New European cancer figures for 2004 – major efforts needed against the big four killers
There were nearly 2.9 million new cases of cancer and more than 1.7 million cancer deaths in Europe last year, according to new estimates in a report published (Thursday 17 February) in Annals of Oncology. The authors warn that the ageing of the European population means that these figures will continue to rise, even if incidence and mortality rates for specific age groups remain constant.
They also say that it is vital to make a major assault on the four biggest killers – lung, colorectal, breast and stomach cancer – if there is to be quick, significant progress against the burden of the disease.
The report has been produced by Professor Peter Boyle, Director of the International Agency for Research on Cancer (IARC) from Lyon, France and Dr Jacques Ferlay, staff scientist at the Descriptive Epidemiology Unit, IARC.
Close to 3 million new cases a year
They estimated that there were nearly 2.9 million new cases diagnosed in 2004 and over 1.7 million deaths from cancer. Of these, 54% of the new cases (1,534,700) and 56% of deaths (962,600) were among men. The 25 EU countries accounted for 2 million of these new cases and 1.2 million of these deaths .
"It is clear that despite a fall in stomach cancer rates and some progress in screening and treatment, cancer remains an important public health problem throughout Europe", said Professor Boyle.
Lung and colorectal cancers leading cancers overall
Overall, lung cancer was the commonest form of cancer diagnosed (13.2%) and of cancer death (20%). Although colorectal cancer was almost equally common (13%), it represented a smaller proportion of deaths (11.9%).
Breast cancer on the rise, stomach cancer decreasing
Among women, breast cancer was by far the most common, representing 27.4% of all female cases and it was also the biggest killer with nearly 130,000 deaths – 17.4% of the total. One cancer in eight in Europe was breast cancer and this form of cancer represented 7.6% of all cancer deaths. Stomach cancer rates are falling in all countries, but this still accounts for 5.9% of all new cases and 8.1% of all cancer deaths.
The major cancers in men are lung and prostate
In men, lung cancer was the commonest form of cancer, followed by prostate cancer (238,000 new cases, representing 15.5% of cancers diagnosed in men). It is worth noting that prostate cancer was the commonest form of cancer diagnosed in men in 2004 in the European Union.
Said Professor Boyle: "Lung, colorectal and breast cancer account for two-fifths of the entire European cancer total and lung, colorectal, stomach and breast cancers together are responsible for half of all the cancer deaths.
"Our estimates give a good indication of the burden of cancer incidence and death throughout Europe and will help to clarify the priorities for cancer control action."

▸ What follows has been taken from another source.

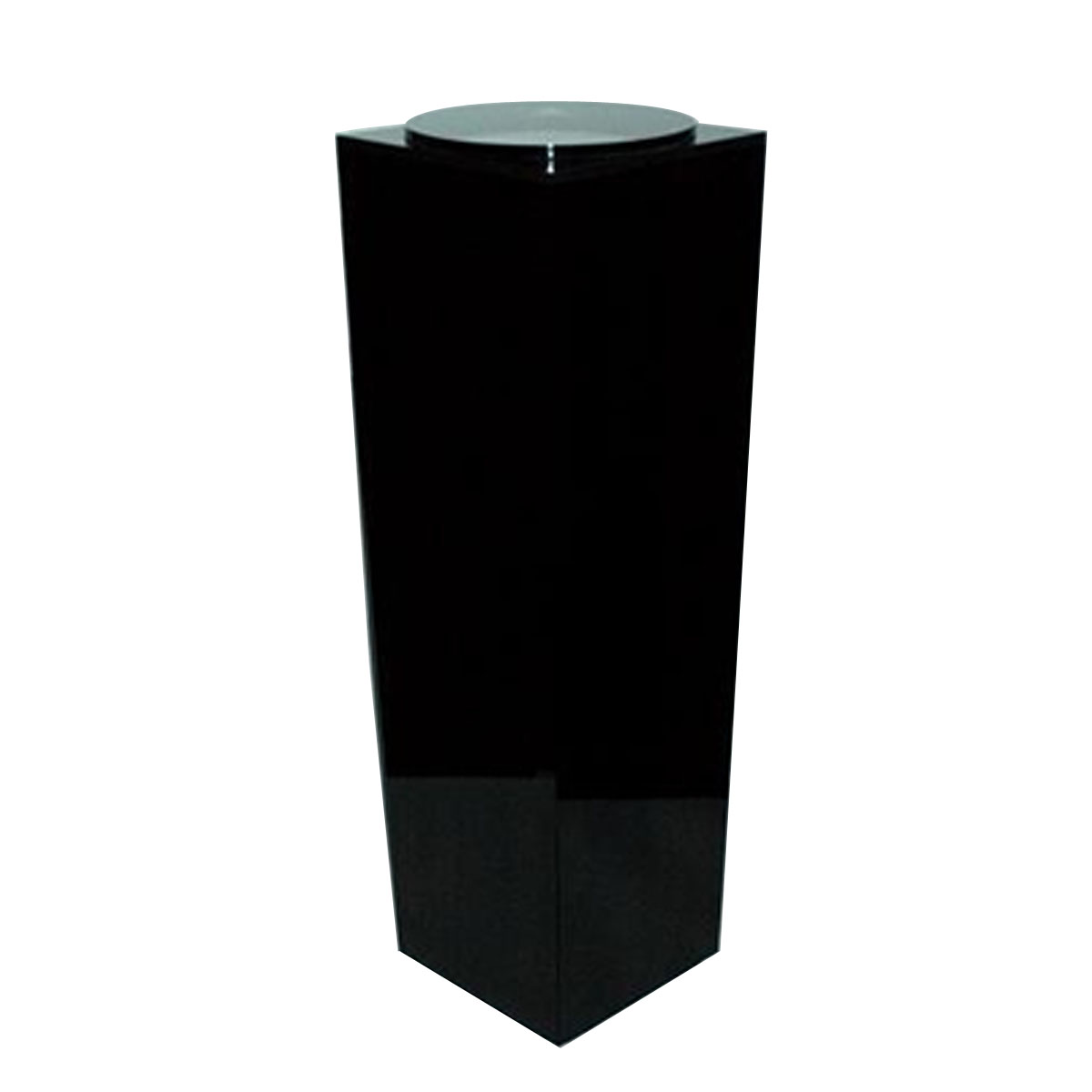 Tapered gloss black pedestal, 14″ x 14″ top tapers to an 11″ x 11″ base. Includes turntable. Other laminate colors are available. Wood is available for an additional $300.

Improvements in breast cancer screening, but slow progress for colorectal cancer prevention
"While prospects are encouraging as regards screening for breast cancer in terms of mortality reduction, progress is too slow concerning colorectal cancer prevention", said Peter Boyle. "Progress is only possible through a joint European effort", he added.
Cigarette toll heaviest on men, but increasingly also in women
The overwhelming majority of lung cancer is caused by tobacco smoking and tobacco control was clearly a number one priority, aimed not only at men, but also increasingly at women. "There has been substantial progress among men in Europe, but the situation among women – and especially young women – is cause for concern. There is also a great difference between Northern Europe and Central and Eastern Europe. Central and Eastern Europe should be a special target for tobacco control."
Mortality trend on the decrease overall
"During the Europe Against Cancer Programme, downward trends in mortality for several common cancer killers were established and that trend looks set to continue", Boyle predicted, "although there were worrying exceptions, including lung cancer in women and most common forms of cancer in Spain and Portugal."
Call for concerted action
He concluded: "To make great progress quickly it is evident that we need to make a concerted attack on the big killers – lung, colorectal, breast and stomach cancer." "IARC is particularly well-positioned to take the lead in this battle, where international coordination of efforts will be key to achieving any reduction of disease burden and of mortality through concerted prevention efforts", Peter Boyle concluded.